[[ GIVEN RECORDS, beginning ]]

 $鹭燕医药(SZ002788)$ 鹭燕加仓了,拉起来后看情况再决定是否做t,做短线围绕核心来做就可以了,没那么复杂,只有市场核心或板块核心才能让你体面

[[ GIVEN RECORDS, end ]]
[[ GIVEN RECORDS, beginning ]]

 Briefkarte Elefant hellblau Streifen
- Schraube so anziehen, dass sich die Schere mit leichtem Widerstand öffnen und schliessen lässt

[[ GIVEN RECORDS, end ]]
[[ GIVEN RECORDS, beginning ]]

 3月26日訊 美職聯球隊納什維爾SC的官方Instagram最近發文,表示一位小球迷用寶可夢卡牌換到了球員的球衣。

[[ GIVEN RECORDS, end ]]

■ BRIEF
The listing above holds a line with "Briefkarte Elefant hellblau Streifen" and a line with "- Schraube so". Print the stretch from the first through the second, exactly and alone.

■ TASK OUTPUT
 Briefkarte Elefant hellblau Streifen
- Schraube so anziehen, dass sich die Schere mit leichtem Widerstand öffnen und schliessen lässt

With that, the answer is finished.